PROBLEM STATEMENT: Pictures should be left out while the data beneath this task is written out word for word.

Items from a dataset
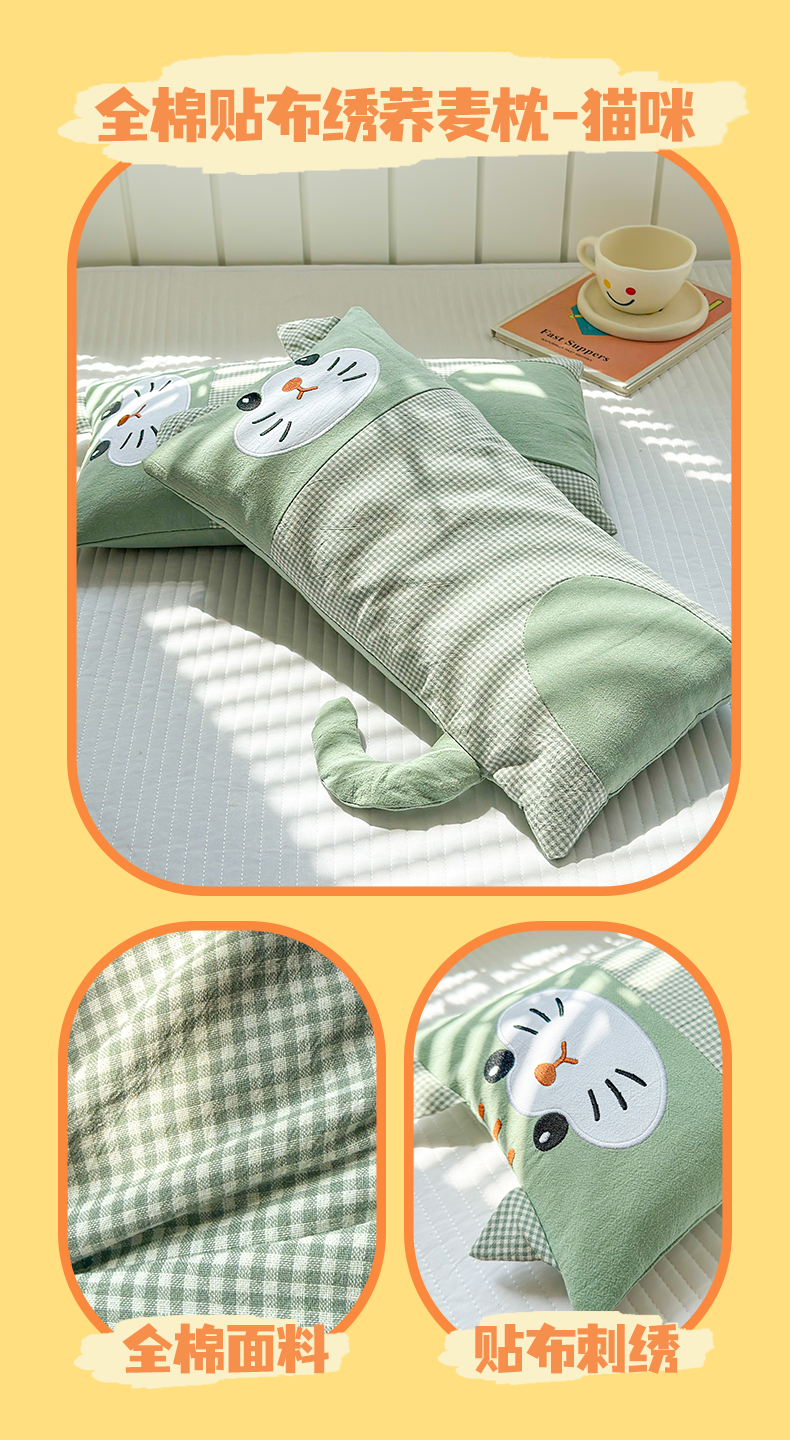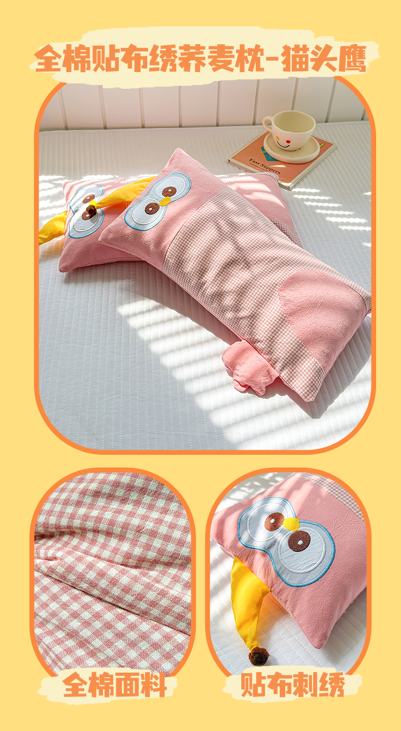 (总)梦叶草 2026新款全棉贴布绣荞麦枕,全棉贴布绣荞麦枕-企鹅,全棉贴布绣荞麦枕-猫咪,全棉贴布绣荞麦枕-猫头鹰,全棉贴布绣荞麦枕-小猴,全棉贴布绣荞麦枕-小熊
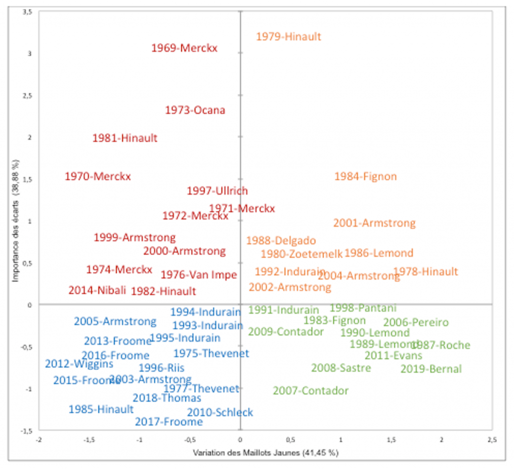 An analysis allows us to position and rank the 51 Tours de France since 1969 as shown in the following diagram. (Note that while the US rider Lance Armstrong’s seven victories were withdrawn due to doping, the data has been retained for statistical analysis.)
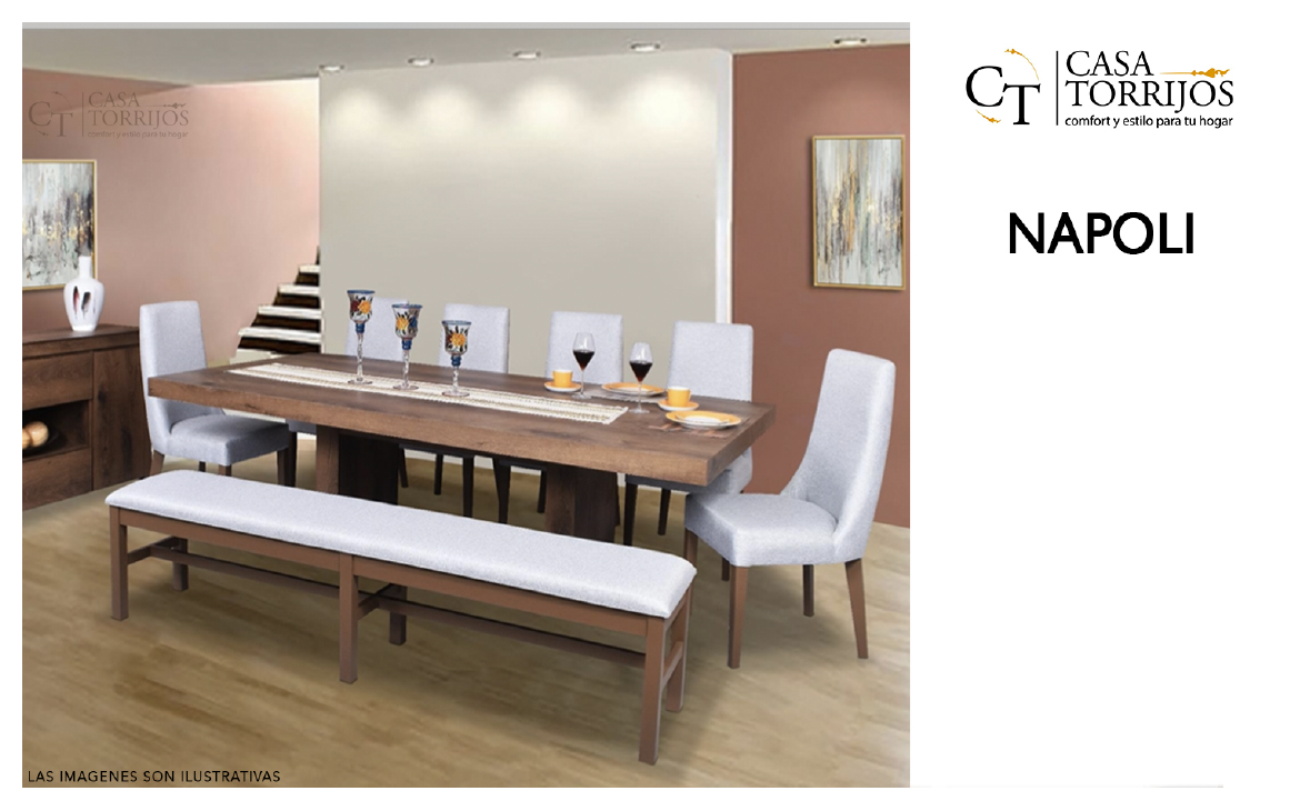 Reseña y texto de venta: El comedor Napoli realza cualquier espacio con su estructura sólida y acabado cálido. Sus sillas de alto respaldo y la banca acolchonada permiten acomodar a numerosos invitados con estilo. Ideal para familias grandes o para quienes disfrutan de reuniones festivas.
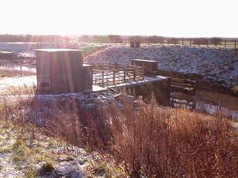 | Keywords: Ribble Link 04c216.jpg The rising sector gate on the Ribble Link at SD 479 295 in Lea Marsh This is just south of the Lea Gate Hotel Blackpool Road about 5 km west of Preston Lancashire England and about 500 metres north of where the Ribble Link / Savick Brook enters the River Ribble At low tide the brook below this point and the Ribble itself are unnavigable because there is too little draught available At this time the sector gate is raised as in this photo to maintain a navigable depth of water between here and the sea lock about 600 metres upstream On the incoming tide once the water is level either side of the gate it is lowered to allow boats to pass Photo taken 2004 December 26 12 43 Roger W Haworth Ribble Link Water transport Lancashire Images by Roger W Haworth |
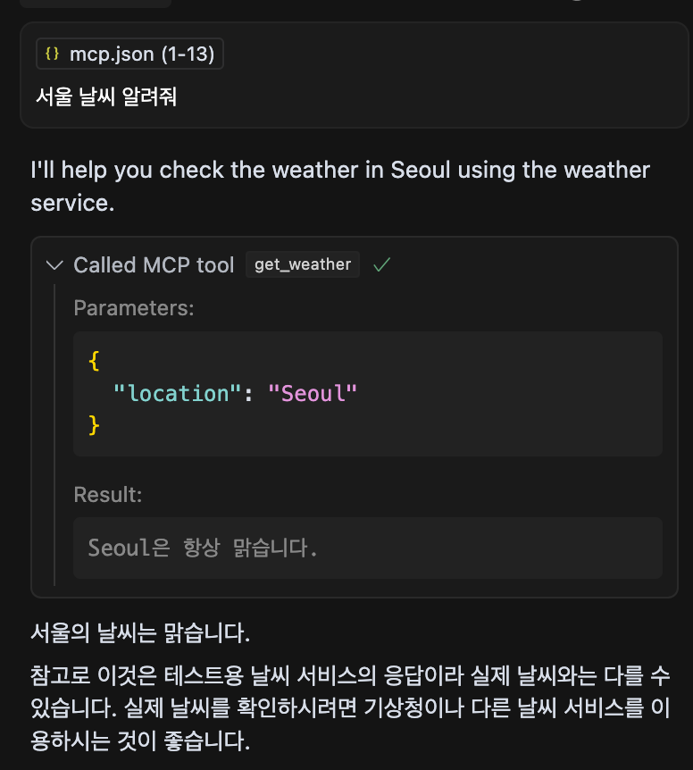 - mcp_server.py 에서 매서드를 통해 반환값을 "항상 맑습니다" 라고 적었기 때문에 아래와 같이 수행합니다.

TASK RESULT:
 (总)梦叶草 2026新款全棉贴布绣荞麦枕,全棉贴布绣荞麦枕-企鹅,全棉贴布绣荞麦枕-猫咪,全棉贴布绣荞麦枕-猫头鹰,全棉贴布绣荞麦枕-小猴,全棉贴布绣荞麦枕-小熊
 An analysis allows us to position and rank the 51 Tours de France since 1969 as shown in the following diagram. (Note that while the US rider Lance Armstrong’s seven victories were withdrawn due to doping, the data has been retained for statistical analysis.)
 Reseña y texto de venta: El comedor Napoli realza cualquier espacio con su estructura sólida y acabado cálido. Sus sillas de alto respaldo y la banca acolchonada permiten acomodar a numerosos invitados con estilo. Ideal para familias grandes o para quienes disfrutan de reuniones festivas.
 | Keywords: Ribble Link 04c216.jpg The rising sector gate on the Ribble Link at SD 479 295 in Lea Marsh This is just south of the Lea Gate Hotel Blackpool Road about 5 km west of Preston Lancashire England and about 500 metres north of where the Ribble Link / Savick Brook enters the River Ribble At low tide the brook below this point and the Ribble itself are unnavigable because there is too little draught available At this time the sector gate is raised as in this photo to maintain a navigable depth of water between here and the sea lock about 600 metres upstream On the incoming tide once the water is level either side of the gate it is lowered to allow boats to pass Photo taken 2004 December 26 12 43 Roger W Haworth Ribble Link Water transport Lancashire Images by Roger W Haworth |
 - mcp_server.py 에서 매서드를 통해 반환값을 "항상 맑습니다" 라고 적었기 때문에 아래와 같이 수행합니다.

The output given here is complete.